Usage (WebLLM, in the browser)

import * as webllm from "@mlc-ai/web-llm";

const appConfig = {
  model_list: [{
    model:     "https://huggingface.co/VishalMysore/RecursiveMAS-0.5B-MLC",
    model_id:  "recursivemas-0.5b",
    model_lib: "https://huggingface.co/VishalMysore/RecursiveMAS-0.5B-MLC/resolve/main/libs/RecursiveMAS-0.5B-q4f16_1-webgpu.wasm",
  }],
};
const engine = await webllm.CreateMLCEngine("recursivemas-0.5b", { appConfig });
const r = await engine.chat.completions.create({ messages: [{ role: "user", content: "Hello!" }] });
console.log(r.choices[0].message.content);

How it was built

Built from source against mlc-llm v0.19.0 (the last release before the apache-tvm-ffi migration), TVM compiled with LLVM, model definition patched via expose_hidden.py, then mlc_llm compile --device webgpu.
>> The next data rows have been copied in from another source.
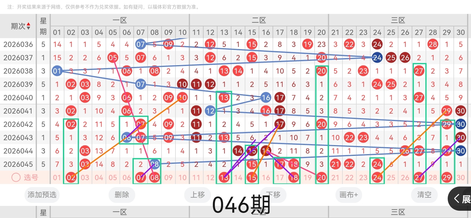 通过对上期的开奖号码简单回顾,下面进入七乐彩第2026046期(下面简称本期)的选号分析: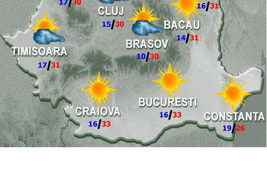 Vremea va fi călduroasă în cea mai mare parte a ţării, iar temperaturile maxime se vor încadra între 25 şi 35 de grade, cu cele mai ridicate valori în Lunca Dunării şi cele mai scăzute în nordul litoralului. În vestul, nordul şi centrul ţării cerul se va înnora treptat, iar în a doua parte a zilei şi noaptea vor fi averse, descărcări electrice şi condiţii de grindină. Izolat cantităţile de apă vor depăşi 20 l/mp. În restul teritoriului cerul va fi variabil la senin. Vântul va sufla slab şi moderat, cu intensificări locale, în special în vestul ţării şi la munte. Temperaturile minime, în scădere accentuată în regiunile vestice, vor fi cuprinse, în general, între 10 şi 20 de grade.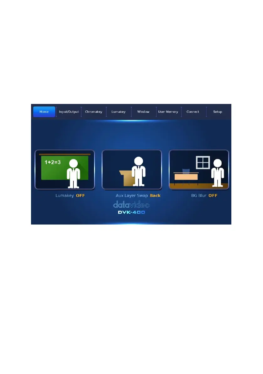The Datavideo TPC-700/TPC-700P built-in DVK-400 app includes “Home”,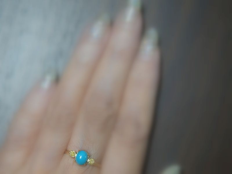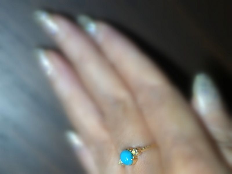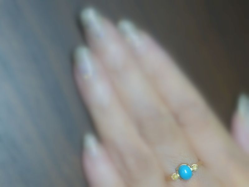 これだけの上質の約1カラットトルコ石と、合計2石約0.2カラットダッチローズカットダイヤモンドの指輪がこの価格なのは、良心的なです。

The full, reproducible pipeline (and a Colab notebook) is in the recursiveMASWebLLM repo.

⚠️ Version compatibility

The .wasm model library was compiled with mlc-llm v0.19.0. WebGPU model libraries are tied to the runtime version, so load it with a compatible @mlc-ai/web-llm build — if you hit a "model lib version" error, pin @mlc-ai/web-llm to the version matching mlc-llm v0.19.0 (or recompile the .wasm against your runtime's version).

License

Apache-2.0, inheriting the base model Qwen2.5-0.5B-Instruct. This is a research/educational artifact.